What is needed - Write out nothing but the lines from the first line of the entries below through the line with "Calm autumn day"; no pictures go in.

Source information -
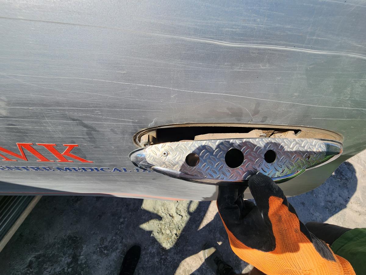Nous avons du bois sur la galerie et un morceau est tombé juste sur la poignée arrière et l’a tout simplement cassée.
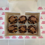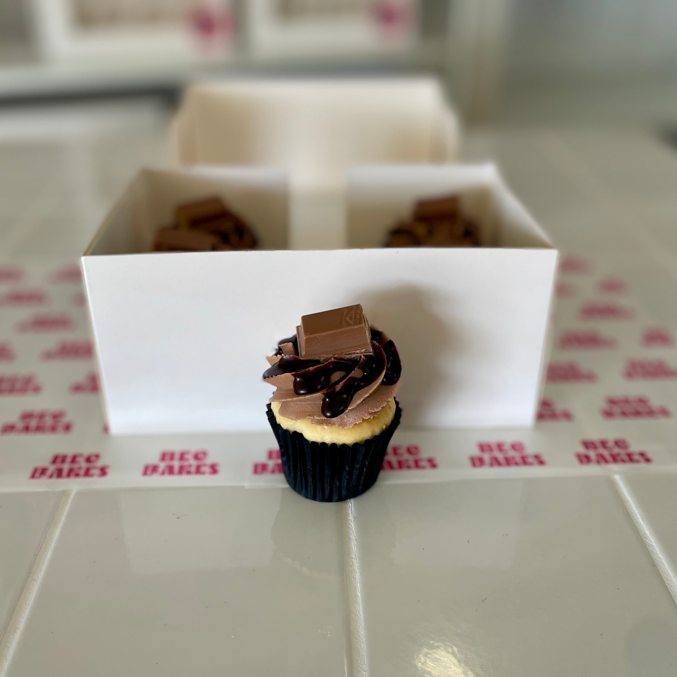 This box contains 6 Vanilla Cupcakes topped with Chocolate Buttercream, Chocolate Ganache & Kit Kat Piece.
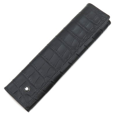 モンブラン Montblanc ペンケース 型押しクロコ ペンポーチ 1本用 レザー ブラック シルバー金具 黒 【中古】
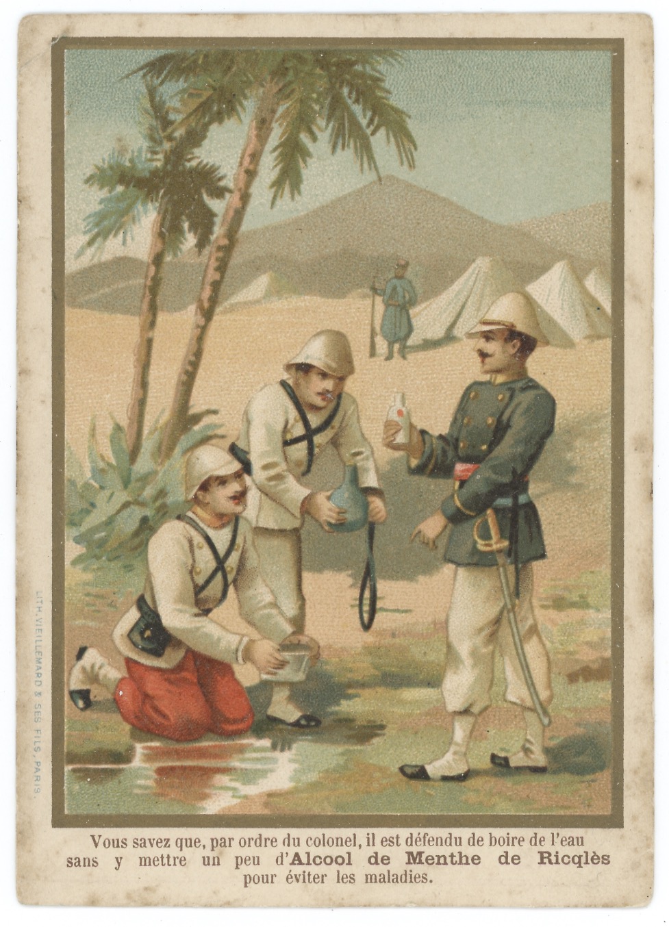 1 chromos imagerie Ricqles – Armée Française – Uniforme – Second Empire – Historique – Soldat – Infanterie – Sahara – Infanterie de Marine
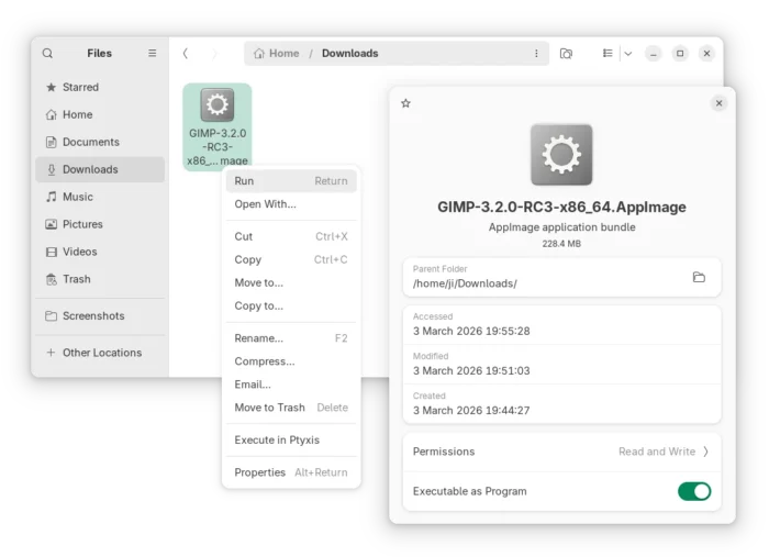 The Linux AppImage has been updated with fixes for AArch64 (ARM64) and third-party plugins support. And, Flatpak package now has initial Global Menu support by specifying GIMP_GTK_MENUBAR = 1 environment variable.
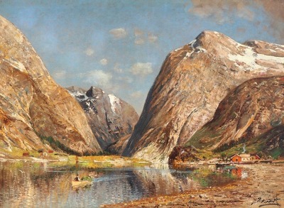 Calm autumn day at a fiord, Norway. Signed J. Holmstedt. Oil on canvas. 74×100 cm. | |
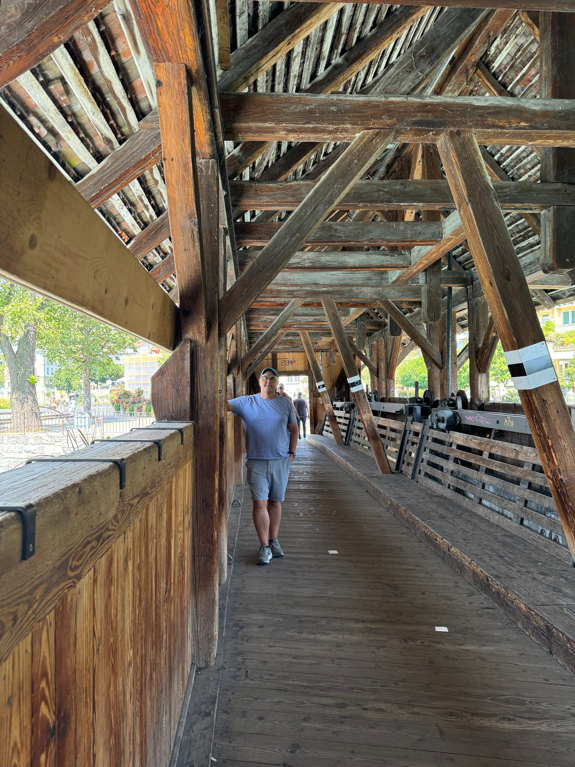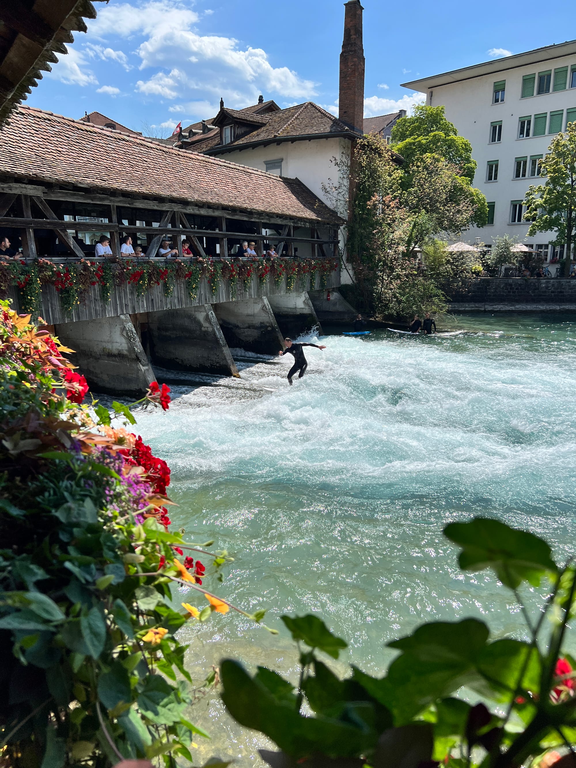While walking across the many beautiful covered wooden bridges we noticed a spot that the surfers were taking advantage of the waves. Just like California? Maybe not but it was very entertaining watching them give it a try.

Answer box -
Nous avons du bois sur la galerie et un morceau est tombé juste sur la poignée arrière et l’a tout simplement cassée.
 This box contains 6 Vanilla Cupcakes topped with Chocolate Buttercream, Chocolate Ganache & Kit Kat Piece.
 モンブラン Montblanc ペンケース 型押しクロコ ペンポーチ 1本用 レザー ブラック シルバー金具 黒 【中古】
 1 chromos imagerie Ricqles – Armée Française – Uniforme – Second Empire – Historique – Soldat – Infanterie – Sahara – Infanterie de Marine
 The Linux AppImage has been updated with fixes for AArch64 (ARM64) and third-party plugins support. And, Flatpak package now has initial Global Menu support by specifying GIMP_GTK_MENUBAR = 1 environment variable.
 Calm autumn day at a fiord, Norway. Signed J. Holmstedt. Oil on canvas. 74×100 cm. | |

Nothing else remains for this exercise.